The Biscayne Times

Jul 22nd
Take Five, from Chile PDF Print E-mail
Written by Jacqueline Coleman, BT Contributor   
September 2017

Red, white, and you: Agreeable wine for $12 or less

OVino_2ver the past two decades, Chilean wines have experienced a surge in worldwide popularity, partly as a result of a more globalized wine trade, but also because higher-quality wines are being produced in the region. With an increase in exports, wine lovers around the world can indulge in some of the most delightful and economical wines made in the New World.

Today Chile is the world’s seventh-largest producer and fourth-largest exporter of wine, and while it may seem like Chile is a new wine powerhouse, this country actually has a deep history in winemaking. The humble beginnings of Chilean viticulture date back to the time of the conquistadors.

In the mid-1500s, missionaries from Spain transported grape vines to the New World to make wine for Catholic mass, and by the end of the 16th century, Chile was a wine-producing country.
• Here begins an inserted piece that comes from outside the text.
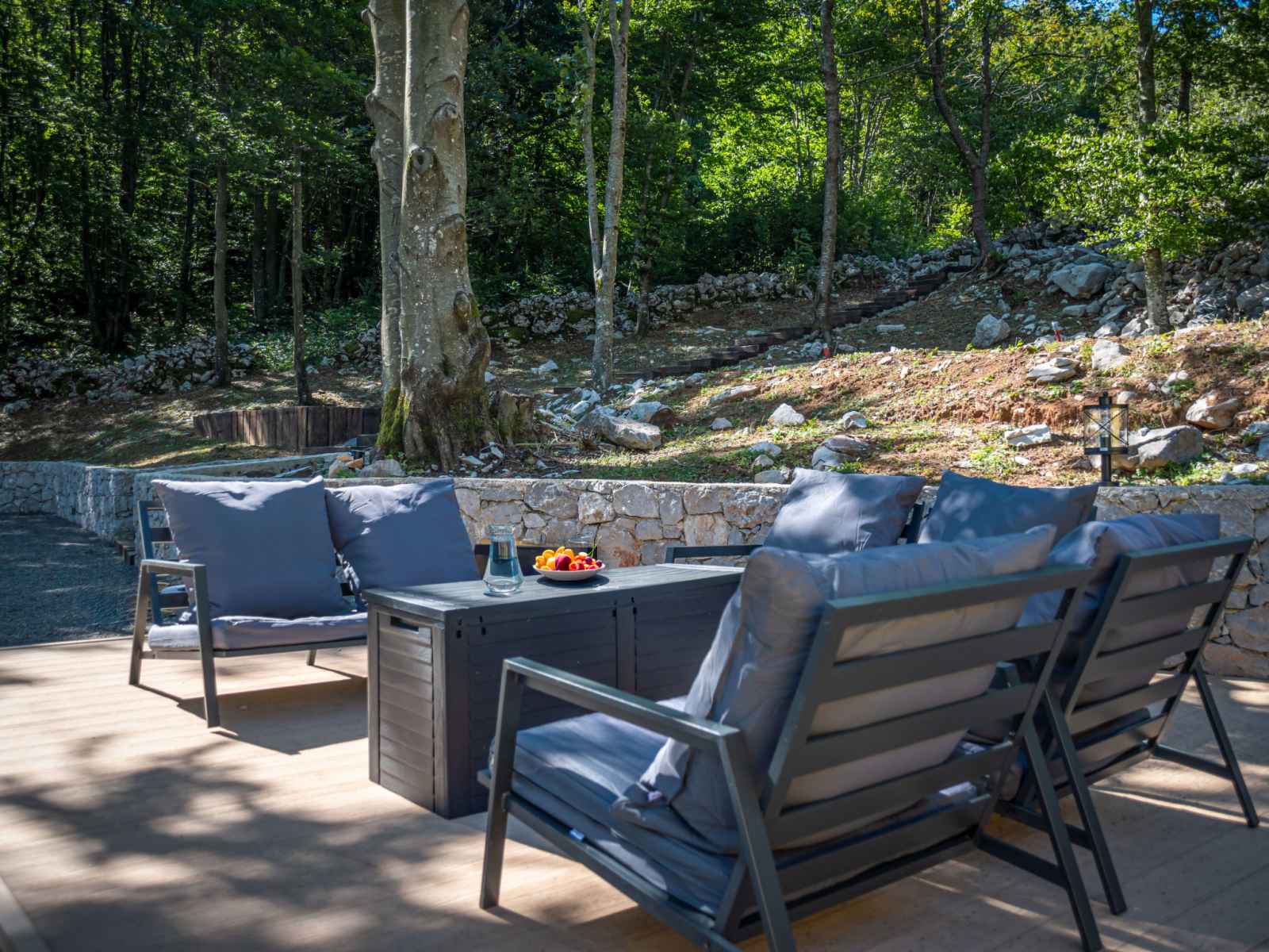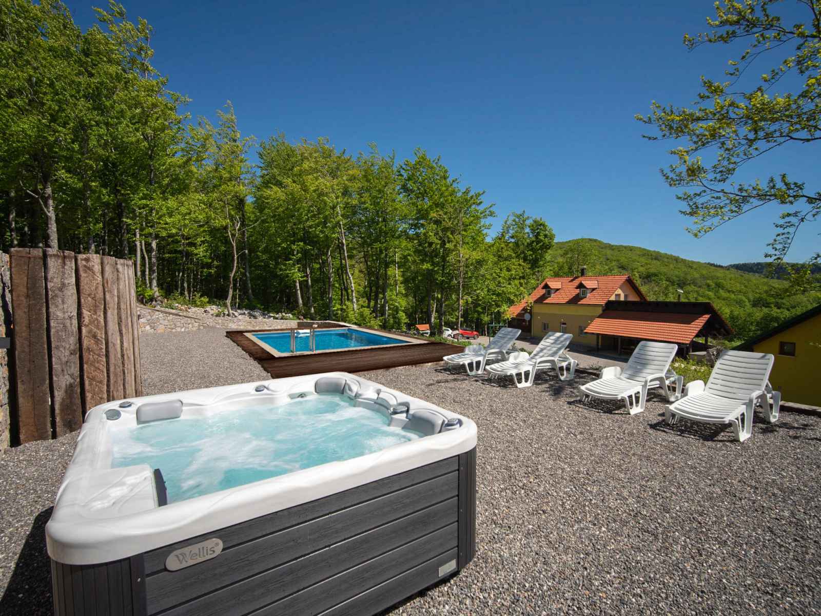 Chalet "didova suma 2", de 2 étages, environné par les arbres. dans le haut de la station de senj, dans le hameau d'alan, à 19 km du centre de senj, situation isolée, tranquille, à 19 km de la mer, dans la forêt. en commun: terrain 5'000 m2 avec arbres. terrain de pétanque. a usage privé: terrain 3'000 m2, piscine rectangulaire (6 x 4 m,

The industry continued to excel through the end of the 1800s, when the rest of the wine world was battling the relentless root louse, grape phylloxera. Due to Chile’s geographical position, protected by the ocean and the Andes Mountains, it was safe from phylloxera, and the country experienced a Golden Age of wine long before the modern winemaking machine we see today.

With warm, dry summers, ocean breezes, and a long range of hillside slopes, much of Chile has an ideal growing climate for premium grape vines. The five main grape varietals coming from this region today are: Cabernet Sauvignon, Merlot, Chardonnay, Sauvignon Blanc, and the popular red grape from Chile, Carménère. The good news is that here at Vino, we’ve curated a list with each of these Chilean varietals to try.

Though originally a native of the Bordeaux region in France, Carménère is now more widely planted in Chile, making it the Chilean wine to try.

Our first bottle is the 2015 Château Los Boldos Tradition Reserva Carménère, from the Cachapoal area of the Rapel Valley. This Carménère is soft on the nose, with the signature spicy dark cherry notes on the palate. There’s a hint of vanilla from the French oak aging, combined with decent acidity and tannins. Compare this to the 2015 Paisajes de Los Andes Carménère, with more chocolate and licorice on the nose, red cherry and less spice on the tongue. Paisajes is a milder Carménère, with ripe cherry and chocolate dominating the flavor palate.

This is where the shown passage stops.